The Rev Dodgson said:


mollwollfumble said:

The Rev Dodgson said:

“To the inspector who bypassed his boss, bypassed his client, and went directly to 911 to get the bridge shut down ASAP… your efforts to pass the Engineering Ethics course paid off, right there!”

Bloody engineers :)

(but really a bridge that size these days should have electronic monitoring that would have picked it up as soon as it happened, rather than the next inspection).

Agree.
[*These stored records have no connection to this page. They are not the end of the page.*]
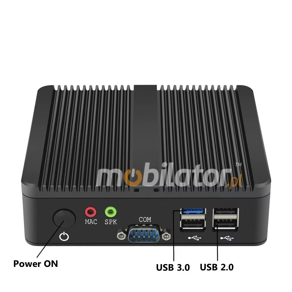 The industrial Mini PC uses a proven cooling system, based only on solid elements, mainly heat sinks. The system uses the phenomenon of metals passing thermal energy into the environment - there are no additional moving elements in the form of eg fans. This solution ensures noiseless operation, lower failure rate and greater protection against dust and other dirt while reducing the amount of energy consumed.
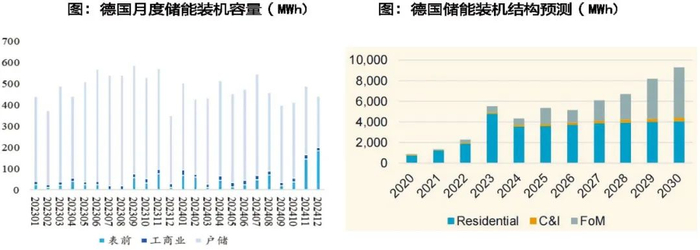 德国:2024年新增装机5.5GWh,同比-7%;户储下滑约15%,大储起量。
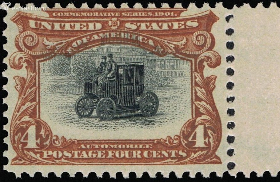 Первой маркой, на которой был изображен автомобиль, является марка Michel № 134 (Scott № 296) США 1901 года.
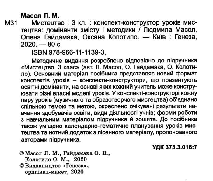 Мистецтво 3 клас НУШ Конспект-конструктор уроків мистецтва Масол Л. Генеза
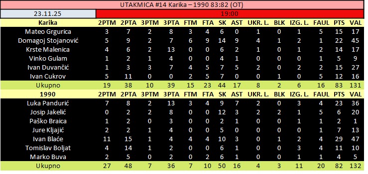Prvi nedjeljni duel bio je ligaški klasik između Karike i KK 1990. Uvertire u ovaj dvoboj je bilo s više strana, odakle početi? Krenut ćemo od Karike. Branitelj naslova, poodavno poznat po gradnji momčadi po principu mala-četa-ali-odabrana, ove sezone nastupa u još užoj rotaciji. Mlađi igrači su nerijetko odsutni zbog studentskih obaveza, ali pravi izazov Karikašima je friška novostvorena situacija u našoj jedinoj i voljenoj Šibenci, gdje je prošlosezonski MVP Franko Netjak Kalpić u najkraćem mogućem roku - spletom raznoraznih okolnosti - dobio priliku voditi Narančaste s Baldekina. Da situacija po Kariku bude kompliciranija, kao svog pomoćnika odabrao je - a realno, moralo je tako i nikako drugačije - svog dobrog Tetka Ivana Duvančića. Večer prije ovog dvoboja Netjak i Tetak su upisali svoju prvu pobjedu u državnom prvenstvu. Bravo, momci! I dok je Netjak, van natjecateljskog ritma, u društvu još jednog trenerskog produkta Karikine škole, Pere Maleša, s tribine aktivno pratio igru svojih suigrača, Tetak je još jednom bio važna karika (he he) u događanjima na terenu. S druge strane, 90ersi pomalo tradicionalno ulaze u prvenstvo nešto sporije. Čudnovati Marko Brajković se, uz sijaset uvreda na njegov račun od strane manje-više svih prisutnih, u posljednji trenutak javio s porukom o neodgodivim privatnim obvezama. Zato se po prvi put u sezoni pojavio popularni Luka Pandurić Panda, ali i veliko pojačanje s prvog mini prijelaznog roka, Ivan Blaće. Bleki i Panda su tako ponovno u istom dresu nakon više od osam godina, ali po njihovoj suradnji na parketu već u prvim minutama utakmice se nikako ne bi reklo da je prošlo toliko puno vremena. Upravo na krilima ovog dvojca 90ersi su prvi potegli, revolveraškom terminologijom govoreći. Karika je imala velike probleme u branjenju ovog dvojca, a nisu uspijevali pronaći ni pravi ritam napadački. Na poluvremenu je bilo +12 u korist 90ersa (38:50). No, u drugom dijelu kreće nalet Karike, koja je počela igrati svoju brzu igru, i to im je malo-pomalo donosilo smanjenje zaostatka. U samoj završnici smo gledali pravi triler, pri rezultatu 77-77 obje momčadi su imale po jedan napad za pobjedu u regularnom vremenu, ali nisu uspjeli poentirati te se otišlo u produžetak. Dodatnih pet minuta je bilo iznimno čvrsto, a koncentracija je bila na sreći Karikaša koji slave u još jednom klasiku ŠRKL-a. Prvo ime pobjedničke momčadi bio je Domagoj Stojanović, kojem je za dlaku izmaknuo još jedan triple-double (22 poena, 14 skokova, 9 asistencija, 4 ukradene lopte), dok su po 15 poena dodali Mateo Grgurica (uz 6 skokova) i Duvančić (7 skokova, 5 asistencija, trice 3/7). Kod 90ersa prvo ime je bio Blaće (29 poena, 10 skokova, šut za dva 11/15), a mrvicu slabiji učinak imao je Pandurić (23 poena, 9 skokova, 7 asistencija, šut za dva 7/8). Dvoznamenkast je bio i Tomislav Boljat (11 poena, 6 skokova).
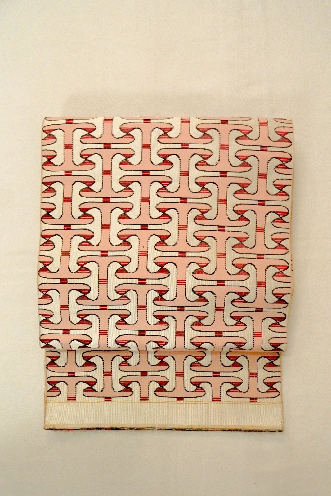 O0606X Vintage Japanese Kimono Off White FUKURO NAGOYA Obi Geometrical pattern Silk. (Grade C) [O0606X]
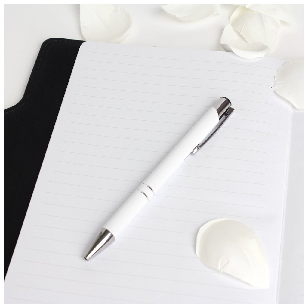 Psaní rukou je více než jen zaznamenávání poznámek – je to způsob, jak se zastavit, propojit se se sebou a dát myšlenkám formu. Naše propiska (kuličkové pero) je lehká, ale zároveň pevná a odolná. Minimalistický vzhled v nadčasovém bílém provedení se stříbrnými detaily ladí s produkty Belum a vytváří estetickou harmonii na vašem stole i v rukou.

Must have electronic monitoring.

Did you notice that this bridge has its crack through a welded steel box girder.

The Westgate Bridge that collapsed in Melbourne was also a welded steel box girder, and we don’t use them any more in Australia.

But the key point here is that the Westgate bridge did not fail because of fatigue, it had nothing to do with fatigue, nothing to do with cyclic loading due to traffic. The steel box girder of the Westgate Bridge failed because of resudual stresses. Welding doesn’t just introduce flaws into the structure from which cracks can grow. It also introduces warping stresses that are quite adequate to bring a steel bridge using welded box girders down without significant fatigue loading. Dimensional accuracy of the of the parts pre-assembly is crucial, and the displacement on this crack strongly suggests that errors in component dimensions and inadequate stress relief in the welds played a really big role here. With a crack caused solely by fatigue in a tension member, you do not get this amount of displacement.

In other words, it’s a pretty fair bet that the linked video totally misses the main cause of failure – residual stress in welded steel box girders. This is a major flaw in the use of welded box girders in bridge design.

One final comment. Residual stress can be induced by mechanisms other than welding and pre-assembly inaccuracy. One less likely but still plausible possibility on this bridge is the extra residual stress created by the earlier retrofit to enhance seismic stability.

I don’t know that steel box girders are specifically not allowed in Australia.

Also the main problem with Westgate (and the other two big box girder collapses around the same time) was that the design procedures didn’t deal properly with shear lag and torsion and warping.

Yes.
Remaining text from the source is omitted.